Все изменилось — армии фюрера перевернули мир. Теперь он — хозяин жизни, а она, герцогиня — узница концентрационного лагеря…
«Когда-то я была богата, а теперь бедна», — так она сказала ему. Скорцени прошелся по комнате, потом, вернувшись к столу, перелистал материалы дела: донос одного из шпиков СД в Берлинском университете, похоже, научного оппонента, протоколы обыска и допросов… Стандартные вопросы, ничего не значащие ответы: не помню, не знаю, не встречались — сплошная формальность, за которой не разглядишь человека. А вот и фотография. Наверное, с нее французский художник Серт писал свой знаменитый портрет «новой Марианны».
Только взглянул — и последние сомнения растаяли как сигаретный дым. «Марианна мировой войны» в солдатской гимнастерке, с «Medaille militaire» на груди, улыбалась неуловимой улыбкой Джоконды… Темные волосы ее вились по плечам, светлые глаза еще не знали горечи разочарований и потерь.
Он бросился в кресло, стараясь укротить взбунтовавшиеся чувства. В памяти снова всплыло бледное,изможденное лицо узницы, очерченные болезненной синевой глаза, тонкие дрожащие руки, листья черного «тюльпана», осыпавшиеся на снегу… Стоп. Почему на снегу? Это уже просто наваждение. Не на снегу, а на полу.
Скорцени подошел к бару и открыв его, достал рюмку. Плеснул в нее коньяк. Вопреки обыкновению выпил залпом, даже не почувствовав вкуса. Потом снова закурил сигарету. Что они сделали с ней, когда он уехал? Жива ли она еще? Ведь он намекнул Габелю, чтоб обращались осторожнее… Но Габель — это Габель. Он вполне мог и не понять, про что ему говорят…
«Когда-нибудь она будет моей…»— в мальчишеской запальчивости выкрикнул он Понтеру почти что десять лет назад. Сказал и забыл… Сам забыл. А теперь… Вот, кажется, и пробил час… Нет, конечно же, не влюбиться в нее, об этом не может быть и речи. Это даже смешно для него — влюбиться. Когда он дал присягу, с сантиментами было покончено навсегда. Но что-то он должен сделать теперь. Тем более что помочь ей — вполне в его власти ныне. Кто, если не он?
«— Как Ваше имя? — спросил он у нее.
— Маренн…»
Маренн, Мари…
— Господин оберштурмбаннфюрер, фрейлейн фон Блюхер на проводе…
— Что? — голос Рауха прервал его размышления.
— Анна фон Блюхер, герр оберштурмбаннфюрер…
— Не соединяй меня, Фриц, — поморщился Скорцени. — Скажи, что меня нет. И очень долго не будет.
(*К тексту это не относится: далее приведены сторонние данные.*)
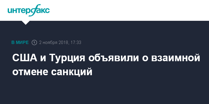 Отмечается, что эти меры последовали в ответ на решение Вашингтона отменить санкции в отношении двух турецких министров.

Потом взглянув на адъютанта, с трудом скрывавшего удивление, попросил: — Оставь меня сейчас. Не соединяй ни с кем, кроме Шелленберга или Науйокса, и, разумеется, выше. Мне нужно побыть одному.
— Слушаюсь.
Дверь в приемную закрылась — Раух ушел. Сквозь сигаретный дым в глухой ночи десятилетней давности он снова и снова видел ее глаза того неуловимо-непостоянного, как морская рябь, цвета, который у нее на родине, в Южной Франции, моряки Марселя называют поэтичным словом «turquoise». Как помочь ей? Как вырвать ее у Мюллера?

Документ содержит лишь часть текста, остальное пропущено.